E: [Wonders why he always gets that response] Would you mind
answering a few questions?
Y: [Eyes begin to dart around nervously] Ahhh, no?
E: So, are you from Okazaki?
Y: No, I was born in Toyohashi, and I still live there. I come to
Okazaki by train every day.
E: What are your hobbies?
Y: Eh? What kind of interview is this?!
E: A bad one. Hobbies?
Y: Umm, I like driving...computers too. And Sushi.
E: Driving? You mean racing?
Y: [laughs] No, just driving to nice places, you know, in the
countryside, the beach, stuff like that.
E: Sushi? What is your favourite type?
Y: Uni [sea urchin], I guess. And egg. and ikura [large fish roe].
E: Eclectic. The most expensive and the cheapest. Any other hobbies?
Y: Ah, Onsen. I like onsen [hot springs]. It's such a good feeling -
hot water helps you relax, and then you can always eat such good
sushi at an onsen.
E: What languages do you speak?
Y: Japanese, and a little English.
E: Where did you learn English?
Y: I worked in New Zealand, in Auckland, for two years - 1996 and 97.

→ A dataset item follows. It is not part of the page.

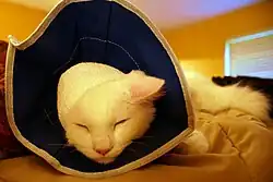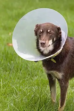 An Elizabethan collar, E collar, buster collar, pet ruff or pet cone (sometimes humorously called a treat funnel, lamp-shade, radar dish, dog-saver, collar cone, or the cone of shame) is a protective medical device worn by an animal, usually a cat or dog. Shaped like a truncated cone, its purpose is to prevent the animal from biting or licking at its body or scratching at its head or neck while wounds or injuries heal.[1] The collars are named from the ruffs worn in the Elizabethan era.[2]

I taught Japanese children in a school for expat Japanese children
there, and taught Japanese outside the school.
E: Where did you live during that time?
Y: I lived in a homestay. Well, more of a student hostel, I guess.
There were two other foreigners as well, and the couple that we
lived with. I really enjoyed it - I think that living with a family
is the best way to learn a language.
E: So, what is your reason for teaching Japanese?
Y: Meeting people from all over the world is fun, and also very
interesting. Also, seeing other people's images of Japan, the way
that they see Japan, and learning about the culture that they come
from is really interesting. It makes you think about your own
culture and way of life.
E: What was your worst experience to date?
Y: When people don't come to school, for whatever reason, when they
lose the will to study; it makes you question what you are doing,
whether you are doing something wrong.
E: And the best?
Y: Keeping in touch with people after they graduate, seeing people
who can't say a word of Japanese when they arrive learn, and then
hearing of the things that they can do with the Japanese that
they've learnt. That makes you feel really good.